Andrzej Duda przysłużył się władzy, podpisując rozporządzenie gwarantujące wzrost uposażeń dla wiceministrów aż o 60 proc., a przy okazji także dla posłów i senatorów. Wzrosną również płace kadry kierowniczej w ministerstwach.
Do władzy nie idzie się dla pieniędzy?
Jarosław Kaczyński niedawno jeszcze zapewniał, że po władzę nie idzie się dla pieniędzy, tylko „dla dobra Polski”. Zapewnienie okazało się potrzebne, gdy Beata Szydło, wtedy premier, rozdała swoim ludziom w 2018 r. spore podwyżki, które „im się należały”, ale się wydało. Wyborcy wysiłków rządzących nie docenili, naród się zagotował, więc Kaczyński przykładnie ukarał parlamentarzystów, obcinając im 20 proc. wynagrodzeń. Mówiąc, że do władzy nie idzie się dla pieniędzy.

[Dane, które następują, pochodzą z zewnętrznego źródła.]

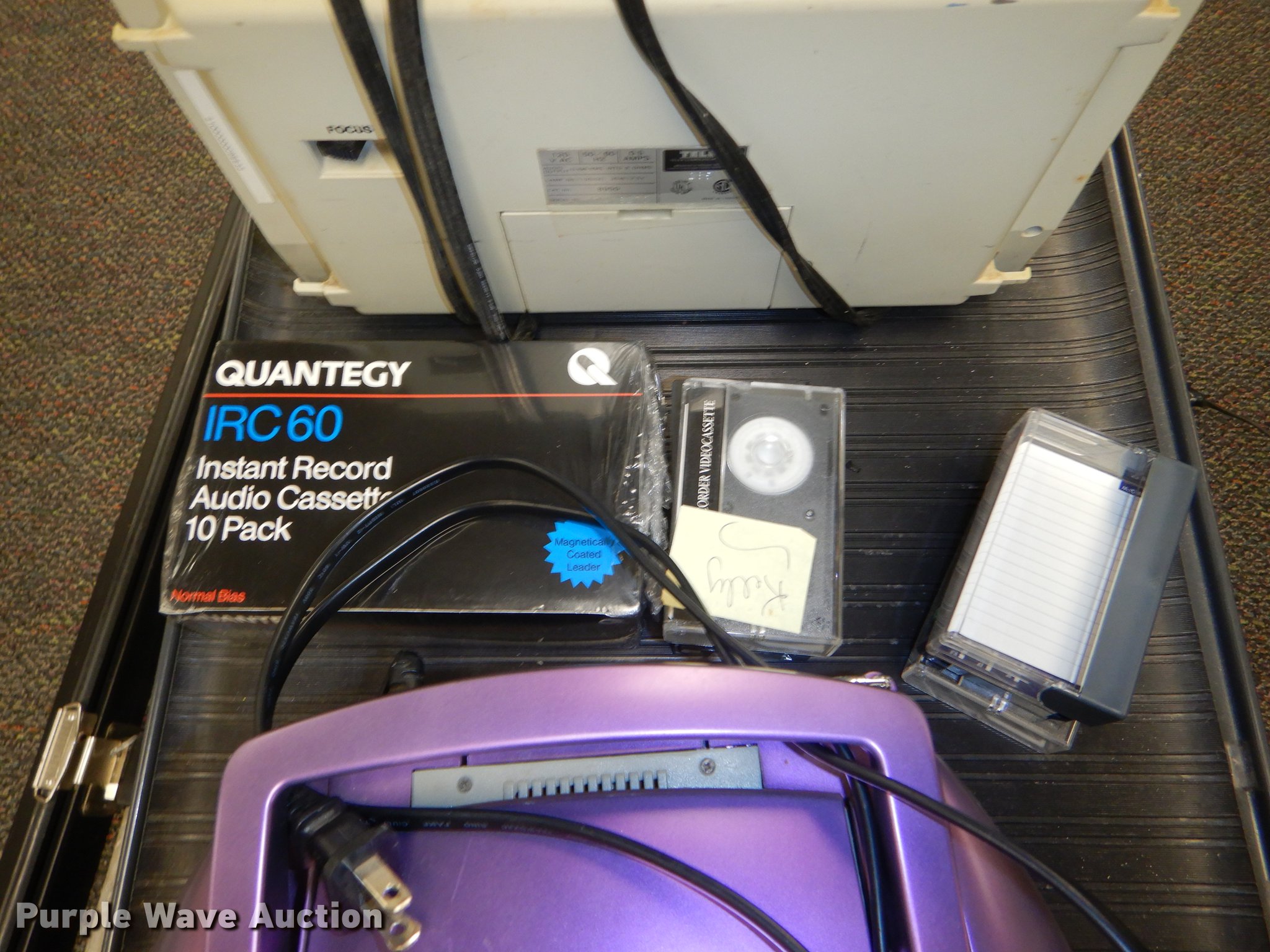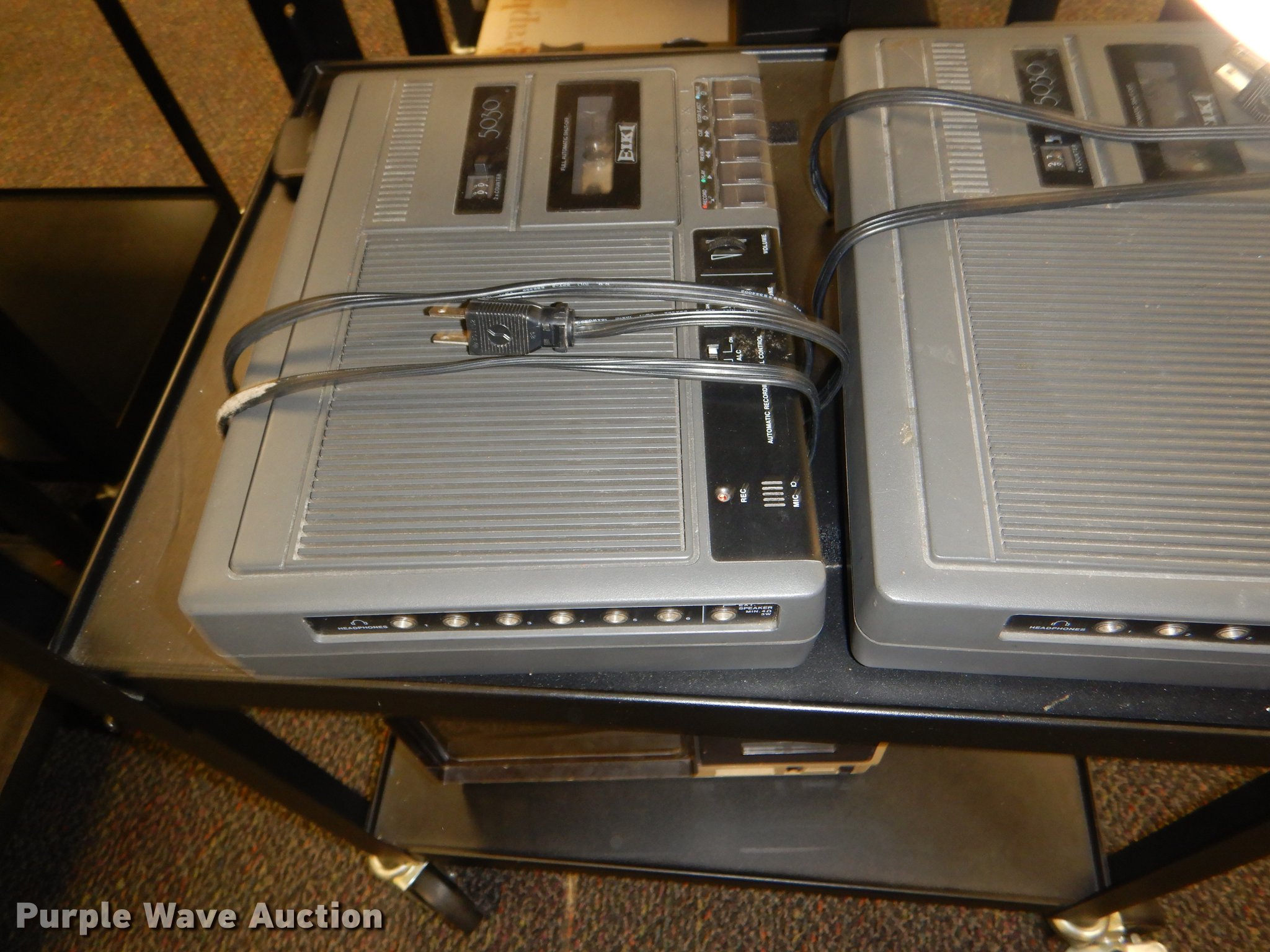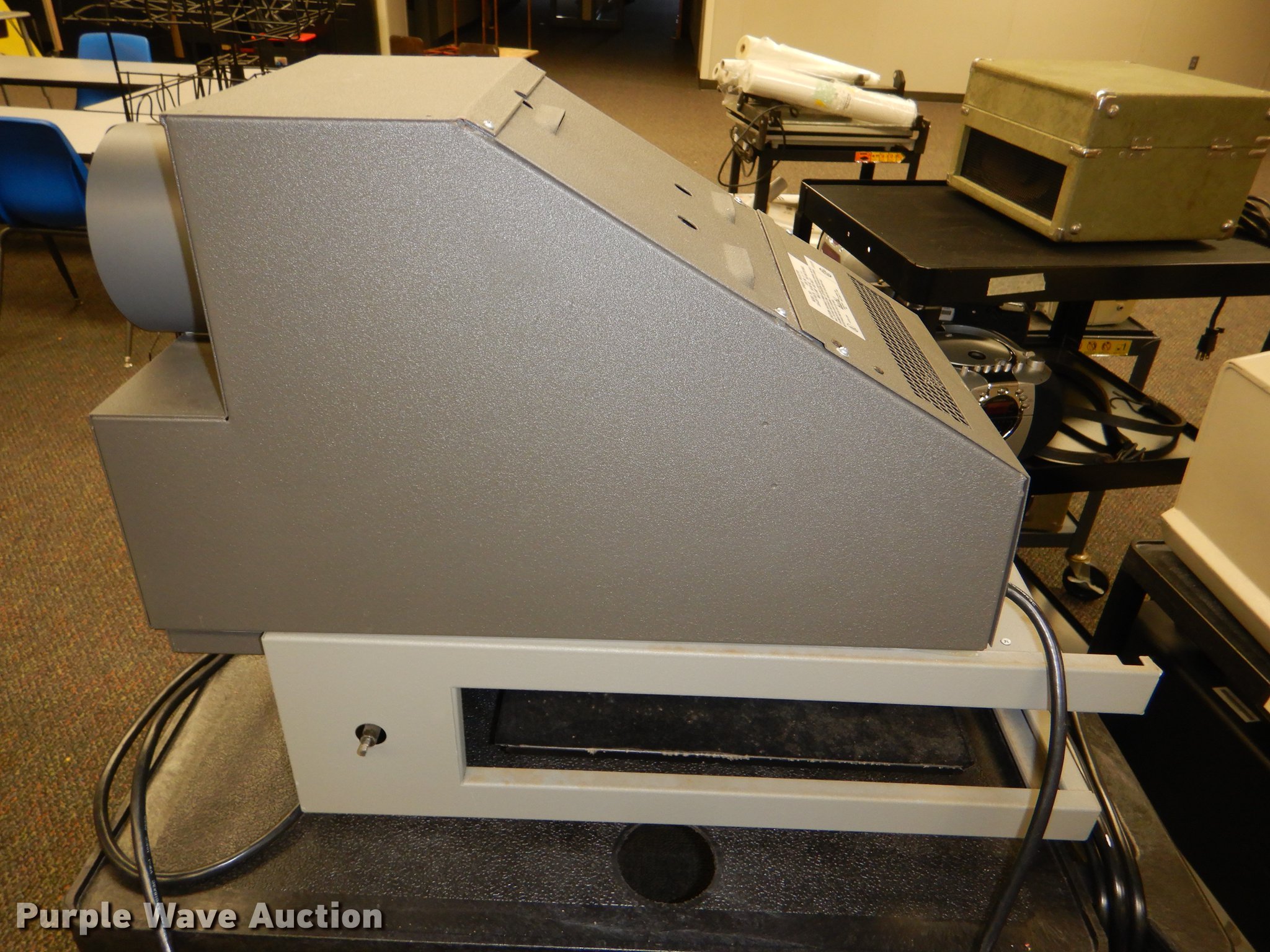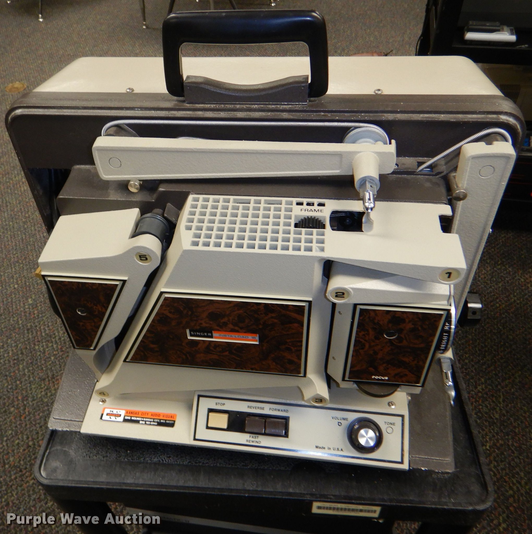Purple Wave is selling a used Electronics in Kansas. This item is a Electronics with the following: Cassette player, (2) AudioTronics 300E record players, (3) music players, Cassette tapes and players, Projector screen, Easel stand, Singer and Telex Microfische readers, VHS players, Kodiak Ektagraphic III projector, Headphones, Speakers, Leaflet stand and more, Carts not included
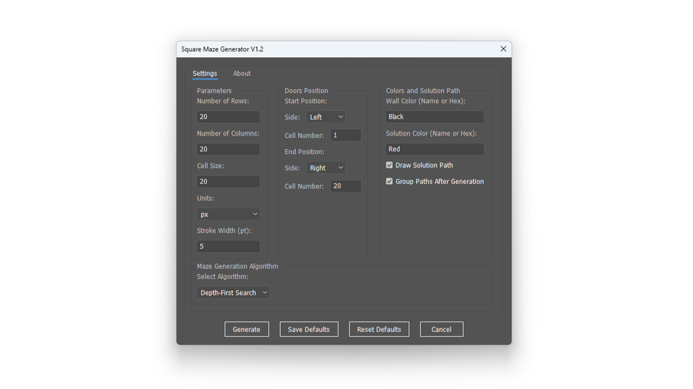 Square Maze Generator V1.2 - Adobe Illustrator Script

Czytaj także: Tylko 12 ministrów od Szydło oddało nagrody
Posłom ciągle mało
Obecnie parlamentarzyści muszą więc zaciskać pasa na głodowych uposażeniach. Poseł dostaje zaledwie 8 tys. zł plus 2,5 tys. zł diety. To wersja oficjalna, ponieważ z niedawnego protokołu NIK wynika, że ich przeciętne wynagrodzenie nie wynosi wcale 8 tys., ale jest o 1,4 tys. zł wyższe. Teraz zamiast tych 8 tys. mają dostać 13,5 tys. zł. Bo krzyczą, że przymierają głodem.